Monday, May 30, 2011

Just one more thing...

Tonight I spent the dinner hour with my parents, sister and her family, and my grandfather. 

It was humbling. 

Quite often I forget what it is all about.   Quite often I get lost in the "don't haves" and "can't do its" of my current moment in time.  So let me frame my evening for you with the following facts.

First, both children had napped, and were clean and smiling.  Second, my grandfather and I see each other every few weeks, but up until last year lived on the same plot of land, separated by a driveway.  Third, my grandfather has dementia and it is following the usual course.

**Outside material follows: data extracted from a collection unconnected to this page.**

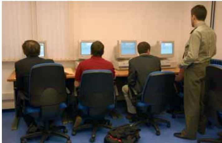
Los aspirantes al reingreso realizan las pruebas de aptitud en los centros de selección de tropa y marinería.

Oficial de Defensa (BOD) número 97, del pasado 19 de mayo. En la misma, se establece el procedimiento para la readmisión y se convocan un total de 209 plazas para militares de complemento —de las que 73 son para Cuerpos Comunes, 89 para el Ejército de Tierra, 23 para la Armada y 24 para el Ejército del Aire— y 1.620 para tropa y marinería —de las que nueve corresponden a unidades del Órgano Cen-
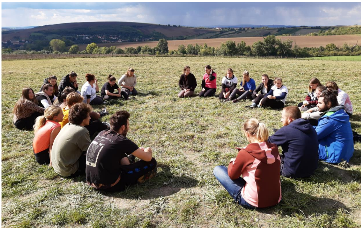
Studenti prvního ročníku při adaptačních aktivitách, září 2022

Počty studentů ve školním roce 2022/2023
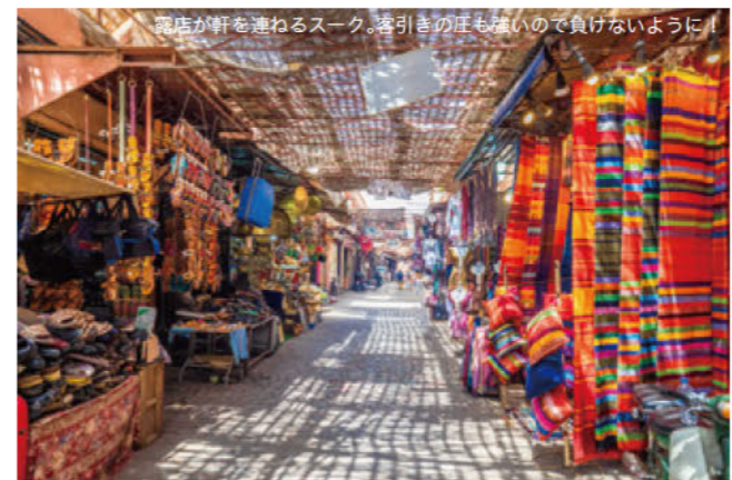
露店が軒を連ねるスーク。客引きの庄も無いので負けないように！

マラケシュの街は、新市街と旧市街、史跡地区の大きく3つに分かれている。観光の中心となるのは「メディナ」と呼ばれる旧市街と王宮や宮殿のある史跡地区で、周囲をぐるりと城壁に囲まれている。メディナの中心となるのがジャマ・エル・フナ広場。1日を通して人通りが絶えない活気あふれる広場だ。広場からは網目状に通りが延びており、無数のスーク(市)がひしめく。マラケシュでは、入り組んだ路地を当てもなく歩いてみるのがおすすめ。スークに並ぶ露店を眺めれば色とりどりの民芸品が次々と目に飛び込み、香辛料の香りが鼻腔を刺激する。メディナを歩き、喧噪と混沌、そして色彩あふれるモロッコの魅力を五感で感じ取りたい。
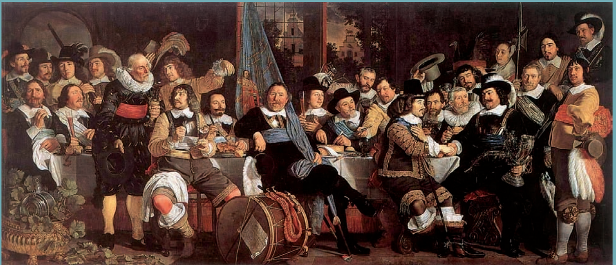
TRAITÉ DE WESTPHALIE : CÉLÉBRATION DE LA PAIX DE MÜNSTER PAR B. VAN DER HELST, 1648.

Leurs fils se lancèrent dès 1563 dans des guerres fratricides et particulièrement dévastatrices, qui se poursuivirent pendant près d'un siècle et demi. L'enjeu de ces affrontements était double : il s'agissait, d'une part, de l'hégémonie dans la Baltique, et, d'autre part, de la possession de plusieurs provinces au sud de la Suède. Cette dernière arriva petit à petit à s'imposer en tant que grande puissance, se lançant dans des guerres de conquête, annexant l'Estonie en 1595, la côte du sud-est du golfe de Finlande en 1617 et de la Livonie en 1621. En 1630, le roi Gustave Adolphe (1611-1632) entraîna la Suède dans la guerre de Trente ans, qui se solda pour son pays par l'acquisition de territoires au Nord de l'Allemagne, lors du traité de Westphalie en 1648. Les Danois, qui étaient aussi intervenus dans les guerres de Religion qui ont ravagé l'Allemagne à cette période, n'eurent pas du tout le même succès. Considérablement affaiblis, ils perdirent plusieurs territoires le long de la frontière norvégienne (1645), puis les provinces de Scanie, Blekinge et Bohuslän (1648), qu'ils avaient possédées jusque-là de l'autre côté du Sund. C'est la période que les historiens suédois appellent "l'ère de grandeur". Celle-ci se prolongea jusqu'au début du XVIII e siècle. Sorti vaincu de ses guerres contre les Russes, Charles XII précipita son pays dans la débâcle. À sa mort, en
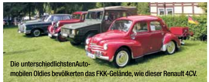
Die unterschiedlichsten Automobilen Oldies bevölkerten das FKK-Gelände, wie dieser Renault 4CV.

Zeitreise klingt, ist das Oldtimer-Treffen der Oldtimer IG Volkersheim e.V., das Ende August zahlreiche Besucher in den kleinen Ort bei Bockenem gelockt hat. Auf den parallel stattfindenden Ambergauer Feldtagen konnten dann die historischen Ackergeräte sogar live bei der Arbeit beobachtet werden. Eine Veranstaltung, die aufgrund ihres Eventcharakters trotz grauer Wolken am Himmel einmal mehr ein Publikumsmagnet war.
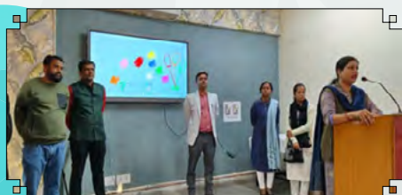
Training of Balvatika Teachers at ZIET Chandigarh
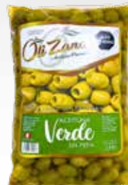
Aceitunas Verdes Sin pepas
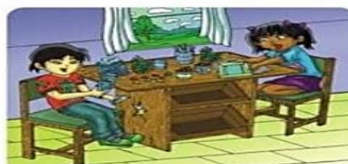
Intenta reciclar algunos materiales y utiliza los que ya están reciclados.
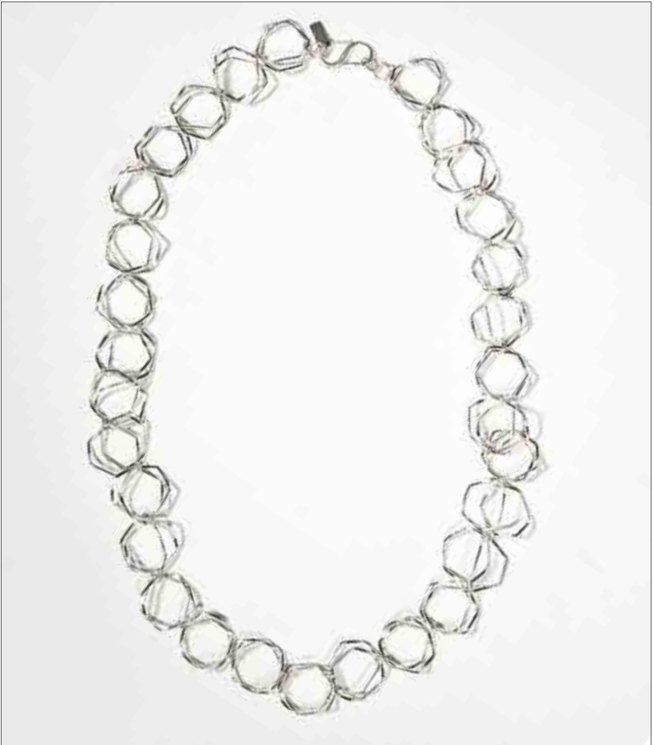
11 SARA SHAHAK Collier Argent L_42 cm 600 / 800 €

 My youngest came out of the car seat and wrapped her arms around my father in a hug that lasted minutes.  My grandfather was happy to see all of us and seemed especially happy to get cuddles from his great grandchildren.  My oldest child was thrilled to be going to play with her "big cousin" and let out a shriek of joy when she saw him. The kids played nicely together, with the big taking care of the small, etc.

During dinner, my children ran, tipped things over, spilled, and did nearly everything but eat.  Just as my patience was about to wear thin to the point of snapping.  My grandfather looked at me and said "You've been blessed.  You have two beautiful and happy girls."   And you know what?  He's right. 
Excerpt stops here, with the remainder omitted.